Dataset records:
--- START ---

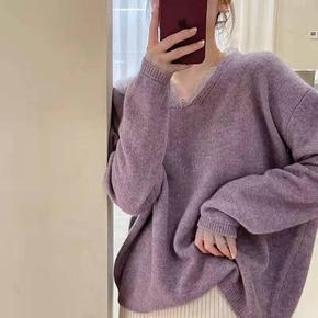 2022春季V领插肩长袖针织衫女韩版纯色宽松显瘦套...
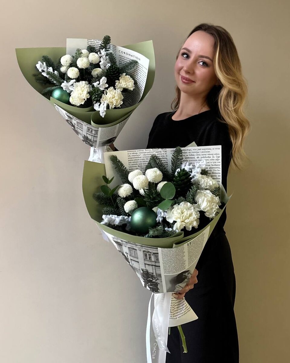 🎻 Зимняя симфония в белом и зелёном Представляем вам букет, который пахнет хвоей, обещает чудеса и выглядит как застывшая новогодняя ночь. В его сердце — благородный нобилис, король хвойных ароматов. Рядом притаились шишки и сверкает ёлочная игрушка — как напоминание о детском трепете под наряженной красавицей. Заснеженная ветка добавляет лёгкий морозный штрих, а нежные хризантемы Ньютон и пушистые диантусы дарят композиции ту самую живую, трогательную нежность. Это больше, чем цветы. Это готовое новогоднее настроение в вазе. 🎁 Подарите себе или самым близким кусочек этой магии: @courrierofhappiness_bot
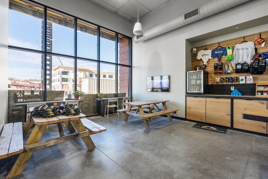 - On-Site Climbing Gym + Fitness Center
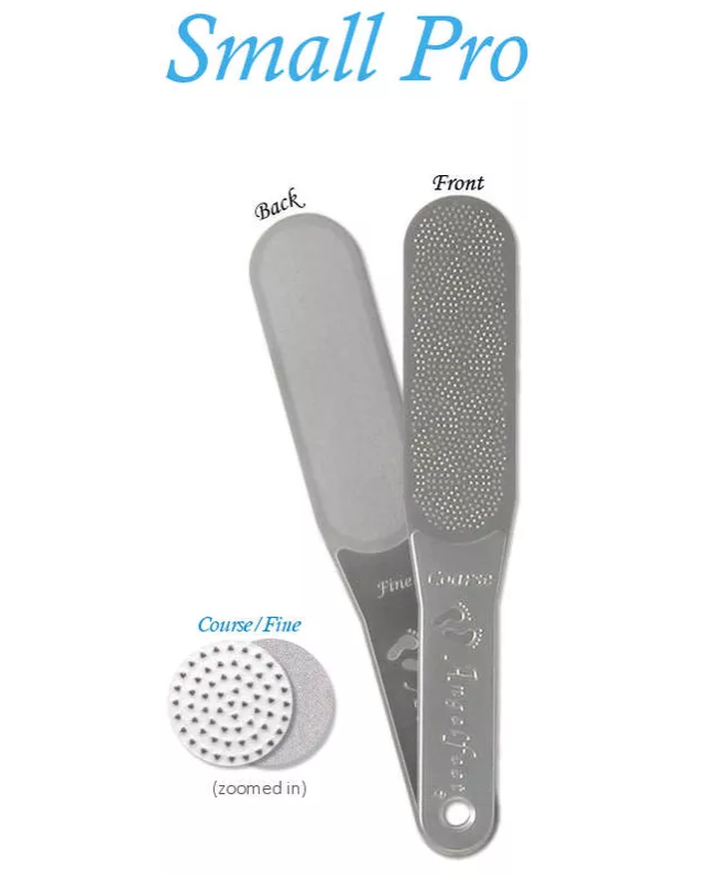 Available as a double sided file, and has a wide surface. One side is for hard and dry calloused skin. The other side is for softer skin that just needs a light smoothing.
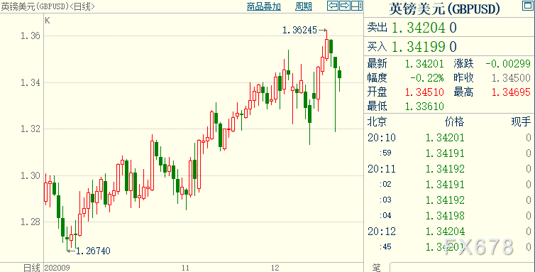 由于担心新发现的变异新冠毒株具有高传染性,全球多个国家及地区(主要集中在欧洲)周一纷纷对英国关闭边境。周一盘中,英镑重挫逾2%至12月11日以来低位1.3189。
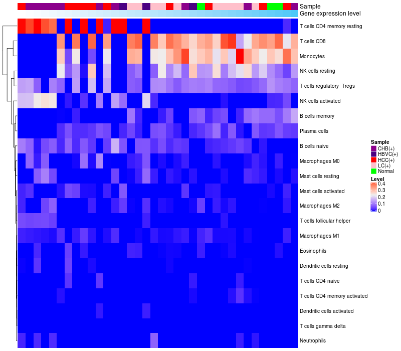 Liver hepatocellular carcinoma HCV (HBV+)(86), Liver hepatocellular carcinoma HCV (HBV-)(19), Liver hepatocellular carcinoma (HBV+)(209), Liver hepatocellular carcinoma (HBV+)(60), Paracancerous HCV (HBV+)(4), Paracancerous (HBV-)(28), Paracancerous (HBV+)(18) |
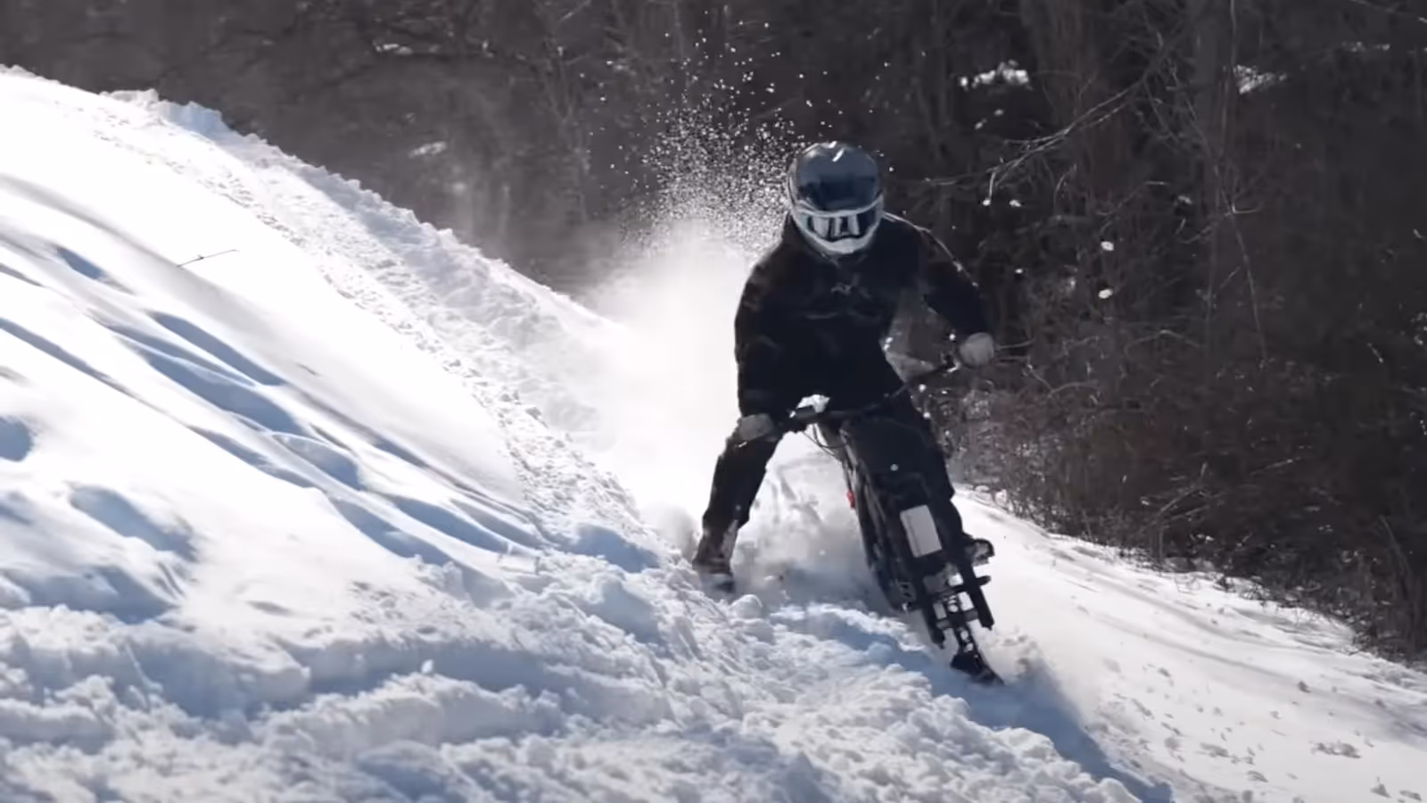 For most motorcycle riders winter means the end of riding season, but not for YouTuber Tyler Monagan, who converted his Sur-Ron X into a snow bike. It’s like a snowmobile, but much more agile and with a top speed of 50 mph (80 km/h).
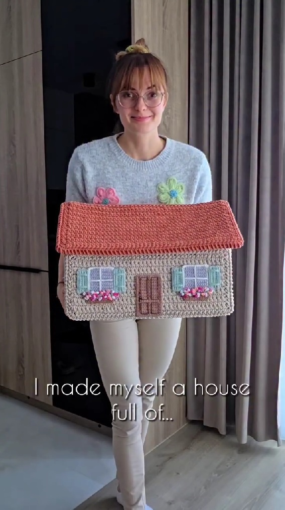 動画の冒頭で、投稿者さんが両手に大きな作品を抱えて登場。お家の壁は淡いベージュ、屋根はオレンジがかった明るい赤で編まれています。ピンクの花が飾られた小さな窓、ミントグリーンの雨戸、そして玄関のドアなど細部までこだわりが感じられる作品は、一見ドールハウスのようですが、どうやら違うようです。
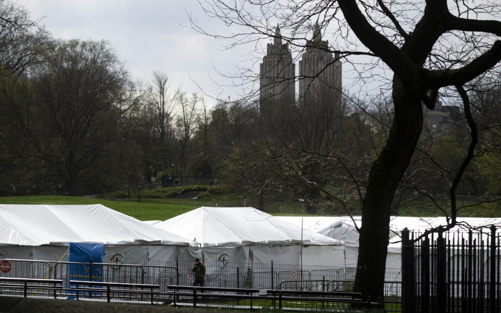 Most surreal is the sight of a 12-tent, 68-bed field hospital on a small section of lush lawn on the park’s eastern border, set up to treat coronavirus patients from nearby hospitals.
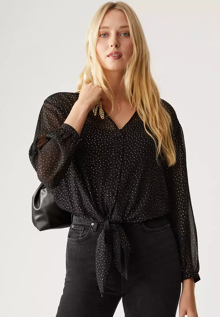 Jual Marks & Spencer Sparkly Polka Dot V-Neck Tie Front Blouse Original 2024 | ZALORA Indonesia marks and spencer tie neck blouse
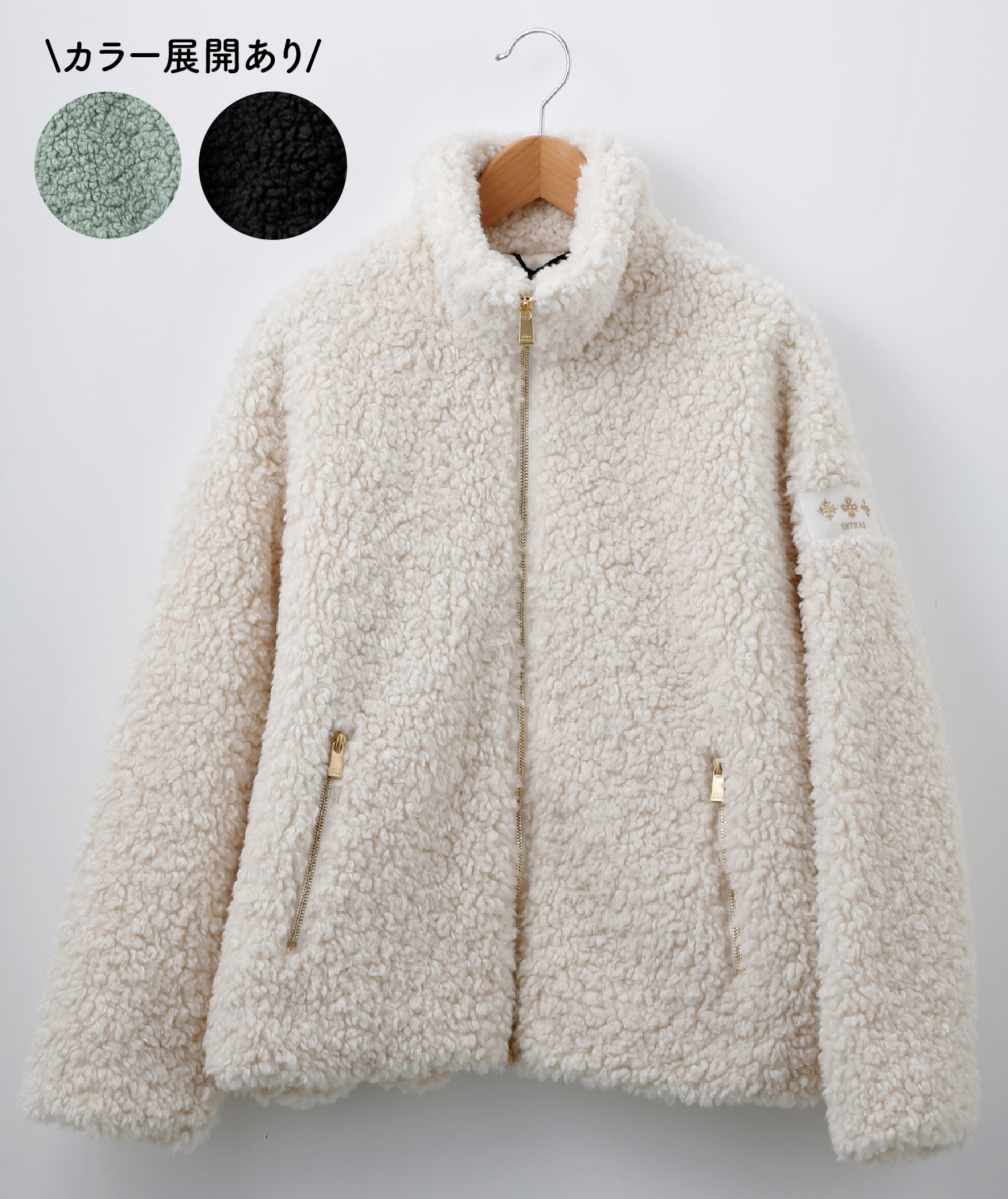 ウールのような質感のシープ調ボアブルゾン。表面を敢えて不均一に仕上げることで自然な風合いに仕上がっています。程よいボリュームの首周りから艶やかに降りるメタルファスナーもラグジュアリーな雰囲気に。遠目からでもハッと目を惹く質感が魅力的!
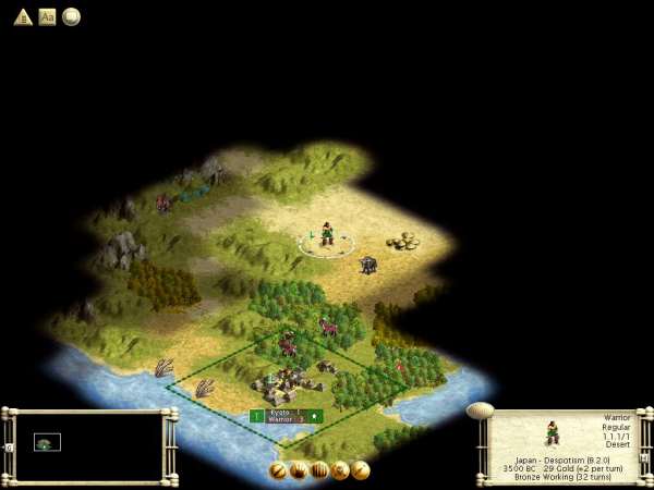 My first build was a Barracks, 7 turns. Then I built several veteran Warriors, planning on a very early strike against whoever turned out to be my closest neighbors. One of my Warriors got barbarians out of the first and only hut I found, and ended up elite.
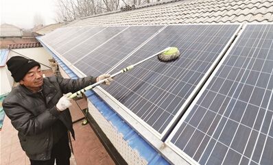 图为12月9日,永清县别古庄镇后刘武营村村民在擦拭安装在屋顶的光伏发电太阳能面板。
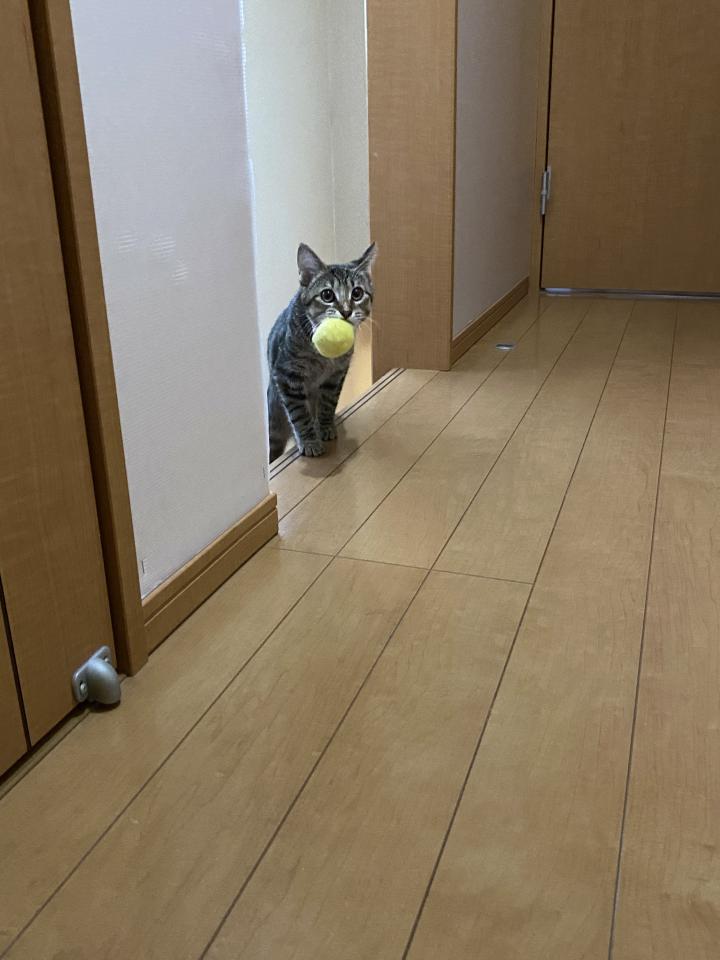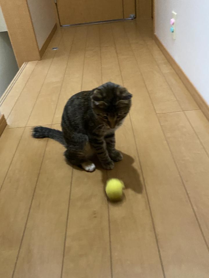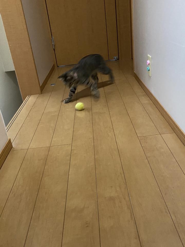 ひとりサッカーが始まります。前足で上手にボールを転がし、結構な速度でドリブルをしているのには驚きました👀
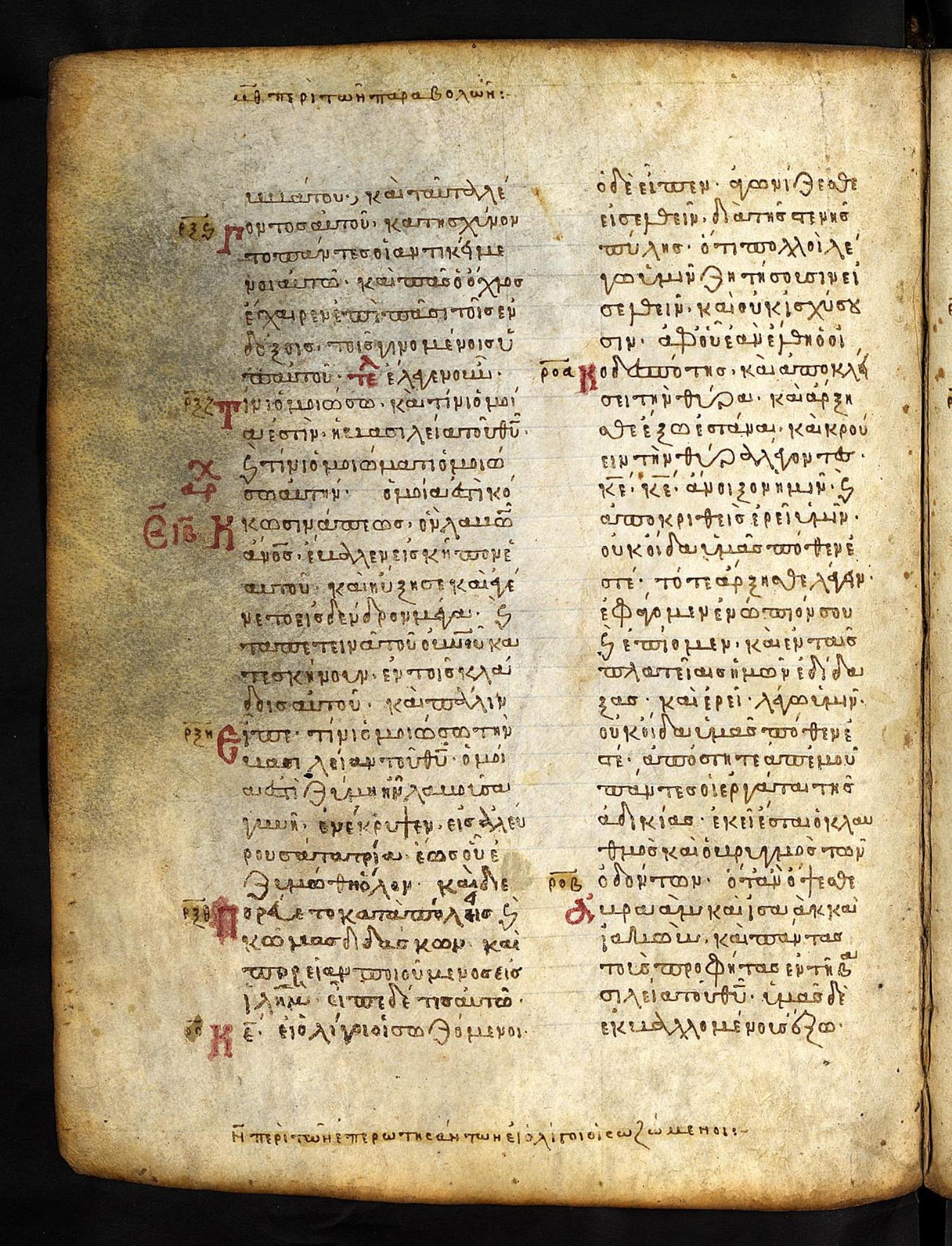 Thirteenth-century (c. 1200) manuscript of the Gospels on parchment; 197 leaves, 2 columns, 25 lines per column. These images are made available by the holding institution according to Creative Commons licensing. For recent digital images, visit Manuscriptorium online.
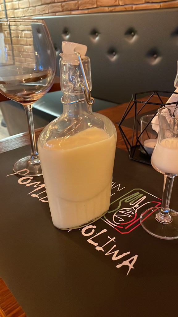 Lovely food – and our appreciation resulted in a gift of specially made Limoncello

--- END ---

§ WHAT TO DO:
Any pictures above are to be left out. Retype the rest of the records exactly.

§ RESULT FOR THIS TASK:
 2022春季V领插肩长袖针织衫女韩版纯色宽松显瘦套...
 🎻 Зимняя симфония в белом и зелёном Представляем вам букет, который пахнет хвоей, обещает чудеса и выглядит как застывшая новогодняя ночь. В его сердце — благородный нобилис, король хвойных ароматов. Рядом притаились шишки и сверкает ёлочная игрушка — как напоминание о детском трепете под наряженной красавицей. Заснеженная ветка добавляет лёгкий морозный штрих, а нежные хризантемы Ньютон и пушистые диантусы дарят композиции ту самую живую, трогательную нежность. Это больше, чем цветы. Это готовое новогоднее настроение в вазе. 🎁 Подарите себе или самым близким кусочек этой магии: @courrierofhappiness_bot
 - On-Site Climbing Gym + Fitness Center
 Available as a double sided file, and has a wide surface. One side is for hard and dry calloused skin. The other side is for softer skin that just needs a light smoothing.
 由于担心新发现的变异新冠毒株具有高传染性,全球多个国家及地区(主要集中在欧洲)周一纷纷对英国关闭边境。周一盘中,英镑重挫逾2%至12月11日以来低位1.3189。
 Liver hepatocellular carcinoma HCV (HBV+)(86), Liver hepatocellular carcinoma HCV (HBV-)(19), Liver hepatocellular carcinoma (HBV+)(209), Liver hepatocellular carcinoma (HBV+)(60), Paracancerous HCV (HBV+)(4), Paracancerous (HBV-)(28), Paracancerous (HBV+)(18) |
 For most motorcycle riders winter means the end of riding season, but not for YouTuber Tyler Monagan, who converted his Sur-Ron X into a snow bike. It’s like a snowmobile, but much more agile and with a top speed of 50 mph (80 km/h).
 動画の冒頭で、投稿者さんが両手に大きな作品を抱えて登場。お家の壁は淡いベージュ、屋根はオレンジがかった明るい赤で編まれています。ピンクの花が飾られた小さな窓、ミントグリーンの雨戸、そして玄関のドアなど細部までこだわりが感じられる作品は、一見ドールハウスのようですが、どうやら違うようです。
 Most surreal is the sight of a 12-tent, 68-bed field hospital on a small section of lush lawn on the park’s eastern border, set up to treat coronavirus patients from nearby hospitals.
 Jual Marks & Spencer Sparkly Polka Dot V-Neck Tie Front Blouse Original 2024 | ZALORA Indonesia marks and spencer tie neck blouse
 ウールのような質感のシープ調ボアブルゾン。表面を敢えて不均一に仕上げることで自然な風合いに仕上がっています。程よいボリュームの首周りから艶やかに降りるメタルファスナーもラグジュアリーな雰囲気に。遠目からでもハッと目を惹く質感が魅力的!
 My first build was a Barracks, 7 turns. Then I built several veteran Warriors, planning on a very early strike against whoever turned out to be my closest neighbors. One of my Warriors got barbarians out of the first and only hut I found, and ended up elite.
 图为12月9日,永清县别古庄镇后刘武营村村民在擦拭安装在屋顶的光伏发电太阳能面板。
 ひとりサッカーが始まります。前足で上手にボールを転がし、結構な速度でドリブルをしているのには驚きました👀
 Thirteenth-century (c. 1200) manuscript of the Gospels on parchment; 197 leaves, 2 columns, 25 lines per column. These images are made available by the holding institution according to Creative Commons licensing. For recent digital images, visit Manuscriptorium online.
 Lovely food – and our appreciation resulted in a gift of specially made Limoncello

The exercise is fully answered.